【都道府県 伝統の教え】鹿児島県
鹿児島県十島(としま)村は屋久島と奄美大島の間に点在し、トカラ列島と呼ばれ、7つの有人島からなる南北約160キロに及ぶ「日本一南北に長い村」だ。どの島にも食堂はないが、学校だけは全島にある。小中学校が併設された複式学級で、マンツーマンに近い授業が行われている。学校行事には島民総出で参加するなど、教育熱心な土地柄だ。
7島に村立の小学校が設立されたのは昭和5年。それまで村では義務教育が行われていなかった。2年に奄美大島を視察した昭和天皇が船上で「あの島には学校があるのか」と質問されたことが、村立小学校開設のきっかけになったという。

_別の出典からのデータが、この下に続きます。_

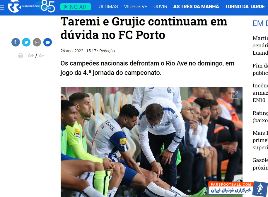در همین رابطه نشریه «sapo» پرتغال درباره آخرین وضعیت مصدومیت طارمی خبر داد پورتو فردا( یکشنبه) در دیداری از هفته چهارم رقابت های لیگ پرتغال به مصاف ریو آوه می رود.
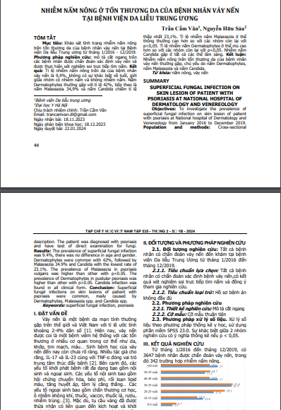 Khảo sát tình trạng nhiễm nấm nông trên tổn thương da của bệnh nhân vảy nến tại Bệnh viện Da liễu Trung ương từ tháng 1/2016 - 12/2019. Phương pháp nghiên cứu: mô tả cắt ngang trên các bệnh nhân được chẩn đoán xác định vảy nến và được thực hiện xét nghiệm soi trực tiếp tìm nấm. Kết quả: Tỉ lệ nhiễm nấm nông trên da của bệnh nhân vảy nến là 9,4%, không có sự khác biệt về tuổi, giới giữa nhóm có nhiễm nấm và không nhiễm nấm.

もっとも明治時代から、各島では村民の手によって私立小学校が設立されていた。
昭和30年代後半からの人口流出に伴い、村は平成3年、小中学校の活性化を目指して「山海留学生」の受け入れを始めている。
本土の小中学生を村内の家庭に年単位でホームステイさせ、豊かで厳しい自然の中で学校生活を送ってもらう試みで、毎年10人程度が留学。村では「留学生が増えれば、教師も増員され、伝統ある島の活性化につながる」としている。